Stateira (Στάτειρα; died about 400 BC) was an Achaemenid queen, consort of the Persian king Artaxerxes II and mother of his successor, Artaxerxes III.

== Biography ==

Stateira was the daughter of the Persian nobleman Hydarnes. She married Artaxerxes II, the oldest son of Darius II of Persia, and his wife Parysatis. Darius II probably wanted to establish good relations with an important noble family, from which Stateira was descended because her brother Terituchmes married Amestris, a daughter of Darius II. Terituchmes loved one of his half-sisters more than his royal bride and tried to start a rebellion. Therefore, according to legend, Parysatis had all the children of Hydarnes killed and only spared the life of Stateira at the request of her husband.

Artaxerxes II took over the Persian throne in 404 BC after the death of his father. Stateira seems to have been his only legal wife despite his numerous concubines. She bore a son, Artaxerxes, the heir to the throne, and probably other children. The queen's mother Parysatis and Stateira tried to be the key political influence on the king; so the women became bitter rivals.

Stateira was very popular with the people, allegedly because she left the curtains open when she drove in her carriage and because she talked to the ordinary people. She supported her husband in his quarrel with his brother Cyrus the Younger and criticized her sharp-tongued mother-in-law, because Parysatis had helped her favorite son Cyrus in his attempt to win the Persian throne from his brother Artaxerxes II. Reportedly the intense hatred between the two women led Parysatis to encourage Artaxerxes II to take on concubines to hurt his wife.

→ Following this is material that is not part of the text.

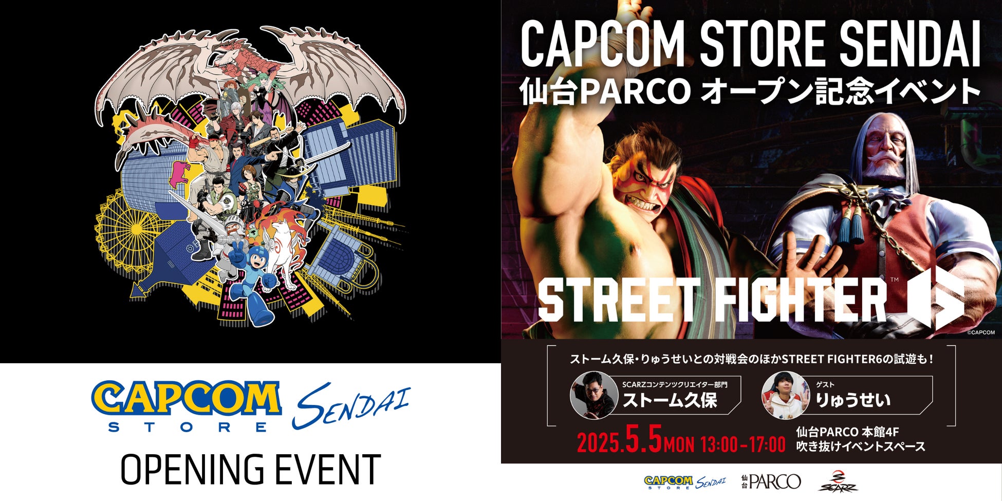 SCARZ(株式会社XENOZ)コンテンツクリエイターのストーム久保選手や、『ストリートファイター6』で大活躍中のりゅうせい選手と交流や対戦ができるほか、ご参加いただいたお客様にはノベルティもご用意しております! 5月5日(月祝)は仙台PARCOに全員集合!

Stateira also publicly spoke up against the cruelties of the queen mother at the Persian court. For example, she criticized the brutal treatment of the eunuch Masabates and therefore intensified her conflict with Parysatis.

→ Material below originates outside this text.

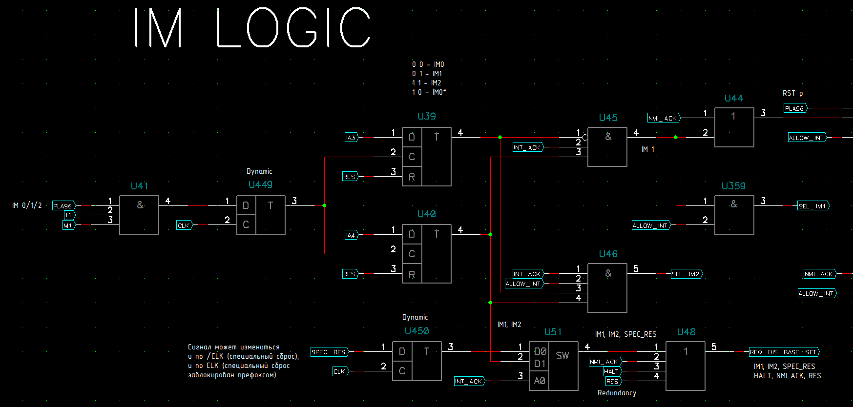 Не вижу SEL_IM0. И не понятно, зачем NMI_ACK с IM1 объединяется по ИЛИ на U44 - для чего это?

Finally Parysatis had Stateira murdered. Classical sources give different reasons for this deed. According to one version, Parysatis wanted to save the life of the Spartan commander Clearchus and his fellow generals, who had been taken prisoner by Tissaphernes, but Stateira had succeeded in persuading her husband to execute the prisoners. Therefore, Parysatis is supposed to have poisoned Stateira. Plutarch, in his biography of Artaxerxes II, did not believe this story. According to another tradition, Parysatis murdered her daughter-in-law because she realized that her son only felt true love for his wife. Plutarch reports that Parysatis performed the assassination with the help of a loyal servant named Gigis. She carved a bird with a poisoned knife in such a way that only one-half of the animal was mixed with the poison. This half was served to Stateira when they were dining together. The poisoned meal caused the painful death of Stateira.

== Posteriority ==
- Stateira plays a key role in the novel Callirhoe by the Greek author Chariton, who probably lived in the 1st or 2nd century AD.
- The Asteroid 831 Stateira, discovered in 1916, is named in her honour.